In July 2018, the ACLU built a database of 25,000 publicly available arrest photos and used Amazon’s commercial facial recognition service, Rekognition, to compare every member of Congress against it. The test used the default confidence threshold (80%) — the same threshold Amazon’s documentation recommended for law enforcement use at the time.

Rekognition flagged 28 sitting members of Congress as matching criminals in the arrest database. All 28 were false positives.

The Bias Problem

The errors were not evenly distributed. Twenty-eight of 535 members is a roughly 5% false positive rate — but among the 28 misidentified, 11 were people of color, representing about 39% of the false matches despite making up only around 20% of Congress at the time.

The pattern mirrored findings from independent academic research: facial recognition systems trained primarily on lighter-skinned faces consistently perform worse on darker-skinned faces, particularly women of color.
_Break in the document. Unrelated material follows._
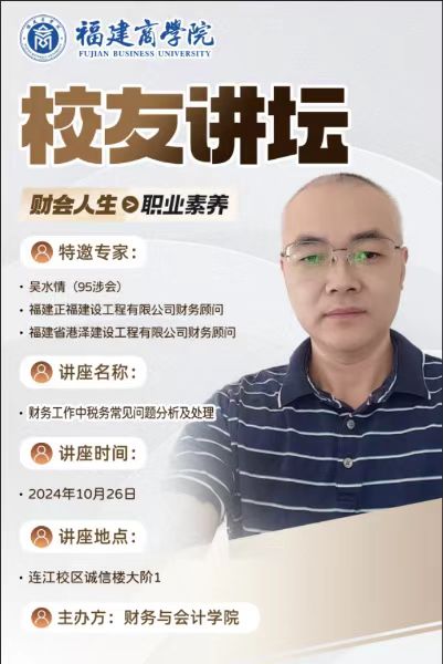 2024年10月26日,95涉外会计的吴水情校友为我院学生开设了题为《财务工作中税务常见问题分析及处理》的讲座。

A 2018 MIT study by Joy Buolamwini and Timnit Gebru found commercial face analysis systems misclassified darker-skinned women at error rates up to 34%, versus less than 1% for lighter-skinned men.

Amazon’s Defense

Amazon pushed back on the ACLU’s methodology, arguing that law enforcement deployments should use a 99% confidence threshold, not the default 80%. The ACLU countered that Amazon’s own documentation did not make this distinction clear for policing applications, and that real-world deployments would not necessarily use higher thresholds.

Amazon did not dispute that the false matches occurred.

Why It Happened

Facial recognition models learn from the data they are trained on. When training sets are dominated by certain demographics, the model develops finer-grained representations for those groups and coarser, less reliable representations for underrepresented groups.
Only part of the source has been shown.